- WHAT TO WORK ON
Please set down every entry from the listing below, word for word.

*** Begin section ***

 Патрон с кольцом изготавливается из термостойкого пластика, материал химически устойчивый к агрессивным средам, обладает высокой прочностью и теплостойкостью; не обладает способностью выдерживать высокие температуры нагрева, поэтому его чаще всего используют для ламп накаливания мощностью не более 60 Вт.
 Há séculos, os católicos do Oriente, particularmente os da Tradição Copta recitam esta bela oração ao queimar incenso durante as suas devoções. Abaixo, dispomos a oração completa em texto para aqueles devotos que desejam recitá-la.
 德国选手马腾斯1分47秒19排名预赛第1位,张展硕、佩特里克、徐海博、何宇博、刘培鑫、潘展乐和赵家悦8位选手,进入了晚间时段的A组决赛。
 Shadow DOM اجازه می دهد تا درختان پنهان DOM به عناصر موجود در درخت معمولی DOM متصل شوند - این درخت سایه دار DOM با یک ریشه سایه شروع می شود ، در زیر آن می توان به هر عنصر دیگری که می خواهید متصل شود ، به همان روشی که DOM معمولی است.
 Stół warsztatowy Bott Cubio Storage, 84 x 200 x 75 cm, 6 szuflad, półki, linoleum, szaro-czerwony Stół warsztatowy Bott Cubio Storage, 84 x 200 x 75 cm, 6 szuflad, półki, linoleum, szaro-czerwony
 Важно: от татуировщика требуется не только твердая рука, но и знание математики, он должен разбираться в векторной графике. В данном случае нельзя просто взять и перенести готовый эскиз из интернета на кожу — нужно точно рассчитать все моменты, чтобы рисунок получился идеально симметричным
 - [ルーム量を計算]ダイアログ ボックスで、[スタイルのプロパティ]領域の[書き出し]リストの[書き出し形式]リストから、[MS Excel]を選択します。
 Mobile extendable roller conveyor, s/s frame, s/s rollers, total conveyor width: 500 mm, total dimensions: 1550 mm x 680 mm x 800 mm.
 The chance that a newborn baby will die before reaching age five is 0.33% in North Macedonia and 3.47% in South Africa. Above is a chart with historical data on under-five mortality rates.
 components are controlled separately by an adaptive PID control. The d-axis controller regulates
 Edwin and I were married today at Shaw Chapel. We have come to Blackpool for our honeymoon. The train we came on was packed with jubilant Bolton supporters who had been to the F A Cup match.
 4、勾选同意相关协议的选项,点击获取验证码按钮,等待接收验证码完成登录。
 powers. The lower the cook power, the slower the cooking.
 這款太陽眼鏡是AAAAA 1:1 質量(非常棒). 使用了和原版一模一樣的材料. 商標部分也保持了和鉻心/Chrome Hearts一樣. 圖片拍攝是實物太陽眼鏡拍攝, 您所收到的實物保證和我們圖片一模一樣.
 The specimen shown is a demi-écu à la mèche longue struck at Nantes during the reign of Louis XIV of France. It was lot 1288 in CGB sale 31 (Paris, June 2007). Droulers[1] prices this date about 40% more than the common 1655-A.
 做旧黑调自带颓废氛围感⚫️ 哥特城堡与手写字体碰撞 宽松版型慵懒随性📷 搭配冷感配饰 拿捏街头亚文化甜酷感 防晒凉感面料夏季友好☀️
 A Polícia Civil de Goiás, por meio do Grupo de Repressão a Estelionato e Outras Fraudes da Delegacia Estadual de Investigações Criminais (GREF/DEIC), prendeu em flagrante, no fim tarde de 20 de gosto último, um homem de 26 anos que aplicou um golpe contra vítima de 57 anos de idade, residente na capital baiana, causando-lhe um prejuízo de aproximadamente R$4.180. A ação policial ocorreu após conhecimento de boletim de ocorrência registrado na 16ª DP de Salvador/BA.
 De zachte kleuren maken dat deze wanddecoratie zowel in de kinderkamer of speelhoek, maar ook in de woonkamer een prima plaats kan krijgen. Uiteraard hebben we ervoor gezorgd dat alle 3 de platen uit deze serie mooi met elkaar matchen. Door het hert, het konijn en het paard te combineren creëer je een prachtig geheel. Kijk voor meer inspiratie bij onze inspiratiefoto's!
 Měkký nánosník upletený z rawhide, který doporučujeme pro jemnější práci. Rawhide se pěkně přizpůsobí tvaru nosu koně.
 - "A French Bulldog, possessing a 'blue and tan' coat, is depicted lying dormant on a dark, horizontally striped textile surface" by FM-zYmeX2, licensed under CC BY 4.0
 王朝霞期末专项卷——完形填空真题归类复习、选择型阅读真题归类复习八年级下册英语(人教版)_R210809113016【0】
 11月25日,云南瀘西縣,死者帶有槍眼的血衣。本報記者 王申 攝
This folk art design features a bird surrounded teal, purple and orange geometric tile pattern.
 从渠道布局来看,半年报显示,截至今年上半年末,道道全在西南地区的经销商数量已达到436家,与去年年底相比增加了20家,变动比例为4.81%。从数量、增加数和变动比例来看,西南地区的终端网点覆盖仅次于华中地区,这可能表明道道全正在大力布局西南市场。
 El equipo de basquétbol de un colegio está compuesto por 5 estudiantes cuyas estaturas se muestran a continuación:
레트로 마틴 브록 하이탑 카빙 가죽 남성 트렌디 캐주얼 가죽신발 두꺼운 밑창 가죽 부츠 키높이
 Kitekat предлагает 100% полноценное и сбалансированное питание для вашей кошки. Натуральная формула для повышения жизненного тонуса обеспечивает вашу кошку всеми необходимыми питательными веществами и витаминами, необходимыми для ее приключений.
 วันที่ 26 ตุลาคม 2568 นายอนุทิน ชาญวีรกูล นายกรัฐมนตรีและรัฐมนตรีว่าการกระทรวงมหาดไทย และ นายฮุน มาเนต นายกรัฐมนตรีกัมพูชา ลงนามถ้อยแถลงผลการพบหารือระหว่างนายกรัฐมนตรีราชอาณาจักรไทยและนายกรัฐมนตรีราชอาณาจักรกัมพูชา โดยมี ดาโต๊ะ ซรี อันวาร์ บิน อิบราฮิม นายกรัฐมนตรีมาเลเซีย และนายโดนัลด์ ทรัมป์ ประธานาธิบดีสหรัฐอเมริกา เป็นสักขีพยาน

*** End section ***

- YOUR RESPONSE
 Патрон с кольцом изготавливается из термостойкого пластика, материал химически устойчивый к агрессивным средам, обладает высокой прочностью и теплостойкостью; не обладает способностью выдерживать высокие температуры нагрева, поэтому его чаще всего используют для ламп накаливания мощностью не более 60 Вт.
 Há séculos, os católicos do Oriente, particularmente os da Tradição Copta recitam esta bela oração ao queimar incenso durante as suas devoções. Abaixo, dispomos a oração completa em texto para aqueles devotos que desejam recitá-la.
 德国选手马腾斯1分47秒19排名预赛第1位,张展硕、佩特里克、徐海博、何宇博、刘培鑫、潘展乐和赵家悦8位选手,进入了晚间时段的A组决赛。
 Shadow DOM اجازه می دهد تا درختان پنهان DOM به عناصر موجود در درخت معمولی DOM متصل شوند - این درخت سایه دار DOM با یک ریشه سایه شروع می شود ، در زیر آن می توان به هر عنصر دیگری که می خواهید متصل شود ، به همان روشی که DOM معمولی است.
 Stół warsztatowy Bott Cubio Storage, 84 x 200 x 75 cm, 6 szuflad, półki, linoleum, szaro-czerwony Stół warsztatowy Bott Cubio Storage, 84 x 200 x 75 cm, 6 szuflad, półki, linoleum, szaro-czerwony
 Важно: от татуировщика требуется не только твердая рука, но и знание математики, он должен разбираться в векторной графике. В данном случае нельзя просто взять и перенести готовый эскиз из интернета на кожу — нужно точно рассчитать все моменты, чтобы рисунок получился идеально симметричным
 - [ルーム量を計算]ダイアログ ボックスで、[スタイルのプロパティ]領域の[書き出し]リストの[書き出し形式]リストから、[MS Excel]を選択します。
 Mobile extendable roller conveyor, s/s frame, s/s rollers, total conveyor width: 500 mm, total dimensions: 1550 mm x 680 mm x 800 mm.
 The chance that a newborn baby will die before reaching age five is 0.33% in North Macedonia and 3.47% in South Africa. Above is a chart with historical data on under-five mortality rates.
 components are controlled separately by an adaptive PID control. The d-axis controller regulates
 Edwin and I were married today at Shaw Chapel. We have come to Blackpool for our honeymoon. The train we came on was packed with jubilant Bolton supporters who had been to the F A Cup match.
 4、勾选同意相关协议的选项,点击获取验证码按钮,等待接收验证码完成登录。
 powers. The lower the cook power, the slower the cooking.
 這款太陽眼鏡是AAAAA 1:1 質量(非常棒). 使用了和原版一模一樣的材料. 商標部分也保持了和鉻心/Chrome Hearts一樣. 圖片拍攝是實物太陽眼鏡拍攝, 您所收到的實物保證和我們圖片一模一樣.
 The specimen shown is a demi-écu à la mèche longue struck at Nantes during the reign of Louis XIV of France. It was lot 1288 in CGB sale 31 (Paris, June 2007). Droulers[1] prices this date about 40% more than the common 1655-A.
 做旧黑调自带颓废氛围感⚫️ 哥特城堡与手写字体碰撞 宽松版型慵懒随性📷 搭配冷感配饰 拿捏街头亚文化甜酷感 防晒凉感面料夏季友好☀️
 A Polícia Civil de Goiás, por meio do Grupo de Repressão a Estelionato e Outras Fraudes da Delegacia Estadual de Investigações Criminais (GREF/DEIC), prendeu em flagrante, no fim tarde de 20 de gosto último, um homem de 26 anos que aplicou um golpe contra vítima de 57 anos de idade, residente na capital baiana, causando-lhe um prejuízo de aproximadamente R$4.180. A ação policial ocorreu após conhecimento de boletim de ocorrência registrado na 16ª DP de Salvador/BA.
 De zachte kleuren maken dat deze wanddecoratie zowel in de kinderkamer of speelhoek, maar ook in de woonkamer een prima plaats kan krijgen. Uiteraard hebben we ervoor gezorgd dat alle 3 de platen uit deze serie mooi met elkaar matchen. Door het hert, het konijn en het paard te combineren creëer je een prachtig geheel. Kijk voor meer inspiratie bij onze inspiratiefoto's!
 Měkký nánosník upletený z rawhide, který doporučujeme pro jemnější práci. Rawhide se pěkně přizpůsobí tvaru nosu koně.
 - "A French Bulldog, possessing a 'blue and tan' coat, is depicted lying dormant on a dark, horizontally striped textile surface" by FM-zYmeX2, licensed under CC BY 4.0
 王朝霞期末专项卷——完形填空真题归类复习、选择型阅读真题归类复习八年级下册英语(人教版)_R210809113016【0】
 11月25日,云南瀘西縣,死者帶有槍眼的血衣。本報記者 王申 攝
This folk art design features a bird surrounded teal, purple and orange geometric tile pattern.
 从渠道布局来看,半年报显示,截至今年上半年末,道道全在西南地区的经销商数量已达到436家,与去年年底相比增加了20家,变动比例为4.81%。从数量、增加数和变动比例来看,西南地区的终端网点覆盖仅次于华中地区,这可能表明道道全正在大力布局西南市场。
 El equipo de basquétbol de un colegio está compuesto por 5 estudiantes cuyas estaturas se muestran a continuación:
레트로 마틴 브록 하이탑 카빙 가죽 남성 트렌디 캐주얼 가죽신발 두꺼운 밑창 가죽 부츠 키높이
 Kitekat предлагает 100% полноценное и сбалансированное питание для вашей кошки. Натуральная формула для повышения жизненного тонуса обеспечивает вашу кошку всеми необходимыми питательными веществами и витаминами, необходимыми для ее приключений.
 วันที่ 26 ตุลาคม 2568 นายอนุทิน ชาญวีรกูล นายกรัฐมนตรีและรัฐมนตรีว่าการกระทรวงมหาดไทย และ นายฮุน มาเนต นายกรัฐมนตรีกัมพูชา ลงนามถ้อยแถลงผลการพบหารือระหว่างนายกรัฐมนตรีราชอาณาจักรไทยและนายกรัฐมนตรีราชอาณาจักรกัมพูชา โดยมี ดาโต๊ะ ซรี อันวาร์ บิน อิบราฮิม นายกรัฐมนตรีมาเลเซีย และนายโดนัลด์ ทรัมป์ ประธานาธิบดีสหรัฐอเมริกา เป็นสักขีพยาน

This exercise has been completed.